Il en a décrit l’atmosphère dans son « Journal de ma vie musicale » : « Le carillon orthodoxe russe n’est-il pas de la musique dansante ? Les barbes frémissantes des prêtres et des diacres en chasubles écarlates, chantant dans un tempo Allegro vivo « Bonnes Pâques » ne transportent-elles pas l’imagination en des temps très
anciens » ? C’est cet aspect légendaire de la fête, passage du soir triste et mystérieux de la Passion à la réjouissance effrénée du matin de la Résurrection que l’on ne peut manquer de ressentir par toutes les fibres de son âme lors des matines pascales dans une église orthodoxe.
Le triomphe de la lumière le Samedi Saint
Encore de nos jours, Pâques est la fête majeure du calendrier de l’église orthodoxe et c’est en Russie que sa célébration revêt son plus grand éclat. Il est de tradition qu’une délégation assiste à la cérémonie du Feu nouveau à l’église du Saint-Sépulcre, à Jérusalem, et l’achemine en avion à Moscou où le Patriarche célèbre l’office pascal à la Cathédrale du Christ Sauveur.
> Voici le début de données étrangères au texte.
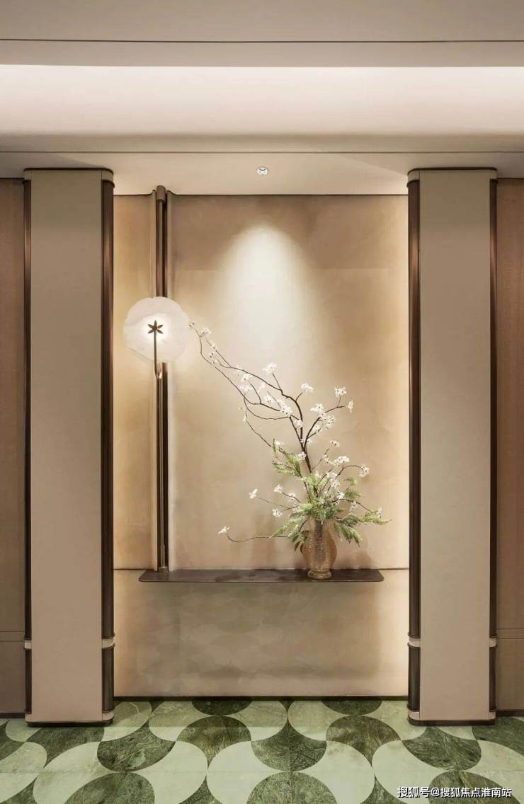 主卧的锤纹门把手、地板花瓣拼、镂花的空调出风口每一个都是世界级的工艺。同样,精装的用材也很考究,从电梯厅到室内各种奢材在这里齐聚, 瑞士翡翠、白雪公主、蒂芙尼绿、巴黎金等奢石,还有仿锤纹夹丝玻璃、仿古锈镜、隐木这些罕见用材增添艺术质感。

Car, chaque année, se reproduit ce miracle du Feu du Saint-Sépulcre qui descend le Samedi Saint, embrase en un instant une multitude de cierges et illumine la basilique de la Résurrection à Jérusalem.
Dans notre région, à Pau et à Bordeaux (pour la côte basque, à la chapelle aux icônes à Cambo, la liturgie pascale sera célébrée le samedi dans l’Octave de Pâques, le 22 avril) comme dans toutes les églises orthodoxes, les officiants troquent à la mi-journée leurs noirs habits de deuil contre l’or et l’éclat pourpré annonçant l’allégresse qui retentira à la nouvelle du Salut.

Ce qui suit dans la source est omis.